Someone who has entered a room once cannot enter it for the first time again. They can only enter it for the next consecutive number of times: for the second time, the third time, and so on. No one can return only once and also return twice; only one of these can be true. In the same way, a person cannot have woken up from their sleep at 6:00 AM if the first time they have awoken for that morning is at 8:00. The contradictions--and thus logical impossibilities--of the alternative ideas are precisely what so many evangelicals believe with regard to the return of Jesus. They hold that he will have two second advents of sorts, which by necessity would make the second of the "second" comings the third.
A highly popular idea among some evangelicals is that of Jesus "rapturing" Christians away from Earth before a cataclysmic period where divine wrath, human savagery, and demonic malice all devastate the world, only one of them doing so justly.

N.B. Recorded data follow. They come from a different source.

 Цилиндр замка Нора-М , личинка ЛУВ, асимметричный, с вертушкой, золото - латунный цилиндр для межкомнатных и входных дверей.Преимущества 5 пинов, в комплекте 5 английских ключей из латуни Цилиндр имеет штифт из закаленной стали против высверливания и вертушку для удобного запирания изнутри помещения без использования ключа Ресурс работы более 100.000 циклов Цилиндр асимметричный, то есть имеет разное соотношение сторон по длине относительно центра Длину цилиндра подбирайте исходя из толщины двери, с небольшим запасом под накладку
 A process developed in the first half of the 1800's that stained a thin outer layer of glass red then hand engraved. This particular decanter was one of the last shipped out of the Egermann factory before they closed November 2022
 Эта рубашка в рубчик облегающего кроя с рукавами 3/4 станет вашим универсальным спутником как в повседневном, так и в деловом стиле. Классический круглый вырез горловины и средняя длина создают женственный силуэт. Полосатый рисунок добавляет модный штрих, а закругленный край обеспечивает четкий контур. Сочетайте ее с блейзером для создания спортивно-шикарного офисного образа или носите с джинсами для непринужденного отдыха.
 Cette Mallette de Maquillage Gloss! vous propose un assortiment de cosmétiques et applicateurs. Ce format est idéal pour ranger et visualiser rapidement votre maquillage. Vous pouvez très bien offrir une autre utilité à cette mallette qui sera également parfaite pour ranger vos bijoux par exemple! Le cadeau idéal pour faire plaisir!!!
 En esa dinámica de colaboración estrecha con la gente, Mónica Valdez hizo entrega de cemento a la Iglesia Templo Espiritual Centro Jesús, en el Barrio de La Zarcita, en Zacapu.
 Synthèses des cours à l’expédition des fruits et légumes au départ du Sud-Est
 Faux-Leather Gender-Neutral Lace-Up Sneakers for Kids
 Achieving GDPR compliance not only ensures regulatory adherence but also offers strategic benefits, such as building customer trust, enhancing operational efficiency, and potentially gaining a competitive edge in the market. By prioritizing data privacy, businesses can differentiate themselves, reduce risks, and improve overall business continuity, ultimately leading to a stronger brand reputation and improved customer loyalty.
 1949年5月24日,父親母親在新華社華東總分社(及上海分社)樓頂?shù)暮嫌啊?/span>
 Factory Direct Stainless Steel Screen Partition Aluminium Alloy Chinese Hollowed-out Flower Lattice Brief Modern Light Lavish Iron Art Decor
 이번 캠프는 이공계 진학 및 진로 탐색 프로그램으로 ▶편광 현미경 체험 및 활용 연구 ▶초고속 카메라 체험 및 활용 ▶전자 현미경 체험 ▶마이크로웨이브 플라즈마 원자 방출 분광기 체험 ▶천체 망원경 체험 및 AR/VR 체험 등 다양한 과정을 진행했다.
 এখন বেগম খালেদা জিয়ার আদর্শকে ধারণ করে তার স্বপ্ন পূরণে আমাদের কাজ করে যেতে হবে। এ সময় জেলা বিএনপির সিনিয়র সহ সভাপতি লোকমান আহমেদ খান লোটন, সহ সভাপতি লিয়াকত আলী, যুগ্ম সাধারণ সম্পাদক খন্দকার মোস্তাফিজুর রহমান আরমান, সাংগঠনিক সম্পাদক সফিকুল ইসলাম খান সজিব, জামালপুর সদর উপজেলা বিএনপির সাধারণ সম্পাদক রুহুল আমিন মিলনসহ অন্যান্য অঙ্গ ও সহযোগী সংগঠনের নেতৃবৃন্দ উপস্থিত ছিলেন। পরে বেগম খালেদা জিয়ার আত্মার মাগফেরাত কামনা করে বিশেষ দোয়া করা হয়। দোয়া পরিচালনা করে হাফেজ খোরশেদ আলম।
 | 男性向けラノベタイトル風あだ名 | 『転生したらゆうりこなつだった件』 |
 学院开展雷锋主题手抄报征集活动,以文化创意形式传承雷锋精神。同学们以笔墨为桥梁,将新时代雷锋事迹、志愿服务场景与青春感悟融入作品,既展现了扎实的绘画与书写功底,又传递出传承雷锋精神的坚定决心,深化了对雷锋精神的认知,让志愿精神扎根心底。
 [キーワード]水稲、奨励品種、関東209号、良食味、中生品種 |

After seven years they call the Tribulation, Jesus returns again with the raptured souls to establish a kingdom for a thousand years before the unrighteous dead are resurrected (Revelation 20:11-15)--according to many evangelicals, the fate of this group is eternal conscious torment in blatant, active disregard for the Biblical punishment of hell being the fate of death where one is never again revived (Ezekiel 18:4, Matthew 10:28). When it comes to the Second Coming, they believe there will be two "phases" or that there is actually a third coming of Christ!
They acknowledge that the Bible teaches Christ will return, as is very explicitly stated over and over (Mathew 24:30, Acts 1:6-11, Revelation 19:11-21, and more verses touch on this). The return of Christ is also said to be accompanied by a trumpet blast at which the saved are gathered to him (Matthew 24:31) and after which Jesus defeats the beast and the false prophet with their armies (again, Revelation 19:11-21), with Paul twice speaking of a trumpet that marks the resurrection of the righteous/redeemed dead (1 Corinthians 15:50-55, 1 Thessalonians 4:3-18). This is when those who sleep in death reconciled to God will be restored to bodily life. The first resurrection, reserved for the righteous or repentant, occurs when Jesus returns to instate his millennial kingdom (Revelation 20:4-6), and the passages about a trumpet and a divine eschatological appearance are connected with a resurrection.
Thus, according to the actual statements in the Bible, there is no rapture independent of the full Second Coming. The first resurrection cannot happen before the first resurrection! Christians will not all sleep in death, Paul says in both 1 Corinthians 15 and 1 Thessalonians 4. Those who die slip into temporary nonexistence or unconscious, dreamless sleep of the soul at death (Ecclesiastes 9:5-10), and the return of Christ, occurring around a trumpet blast, is when those in right standing with Yahweh will come back to conscious life. The first resurrection is one of glory, the resurrection to eternal life (Daniel 12:2). There is no broad resurrection prior to this; up to this point, there are only the atypical restorations of specific individuals like Lazarus and the daughter of Jairus for them to biologically die again.
The pre-Tribulation rapture, as it is called, is purely unbiblical in its timing, as if there could be two second advents of Christ with neither of them being the third as evangelicals assume! Nowhere does the Bible say that Jesus returns again and again. As he departed, so he is said to one day appear for the second time (Acts 1:11). The events before the Second Coming and their sequence aside, the return of Christ itself is a very clear and foundational doctrine of Christianity (though of course eschatology could not be as foundational as core Biblical metaphysics and their consistency with the necessary truths of rationalism). It is also very clear that if the return of Jesus is what signals the rapture of those who sleep in death restored to Yahweh, and this is the first resurrection, then there could not be a previous awakening of dead souls seven years earlier.